#### About this task
The copy must match the data below line for line and contain no images.
--- Source material Enclosed Below ---
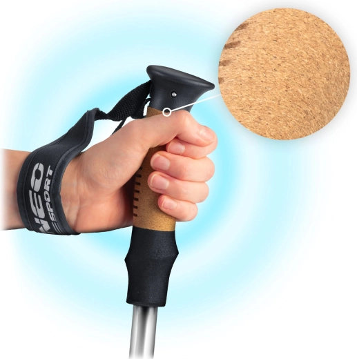 Le liège respirant garde les mains au sec et à une température agréable. La dragonne souple et réglable assure une prise sûre sans surcharge des paumes.
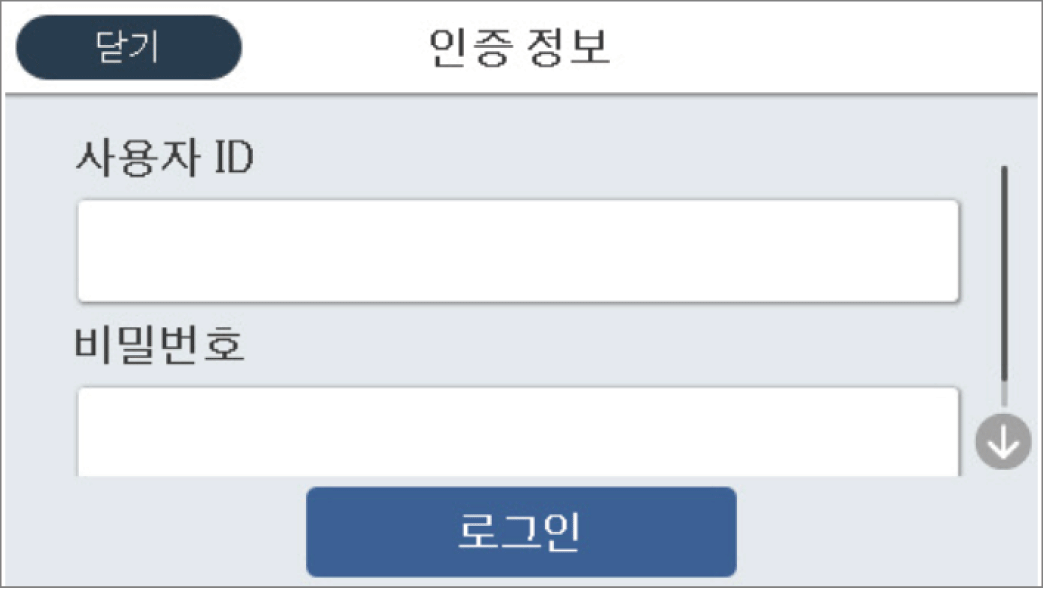 제어판에서 사용자 ID 및 비밀번호를 입력합니다.
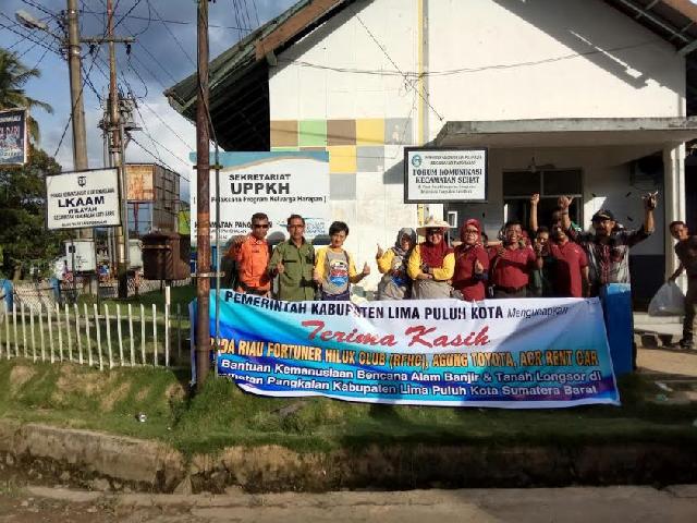 PEKANBARUPOS.COM (PPC),PEKANBARU – Bentuk kepedulian terhadap sesama, Riau Fortuner Hilux Club (RFHC) mengirim bantuan terhadap korban banjir dan tanah longsor di Kecamatan Pangkalan, Kabupaten Lima Puluh Kota, Sumatera Barat.
--- End of Enclosed Source material ---
#### Completed exercise
 Le liège respirant garde les mains au sec et à une température agréable. La dragonne souple et réglable assure une prise sûre sans surcharge des paumes.
 제어판에서 사용자 ID 및 비밀번호를 입력합니다.
 PEKANBARUPOS.COM (PPC),PEKANBARU – Bentuk kepedulian terhadap sesama, Riau Fortuner Hilux Club (RFHC) mengirim bantuan terhadap korban banjir dan tanah longsor di Kecamatan Pangkalan, Kabupaten Lima Puluh Kota, Sumatera Barat.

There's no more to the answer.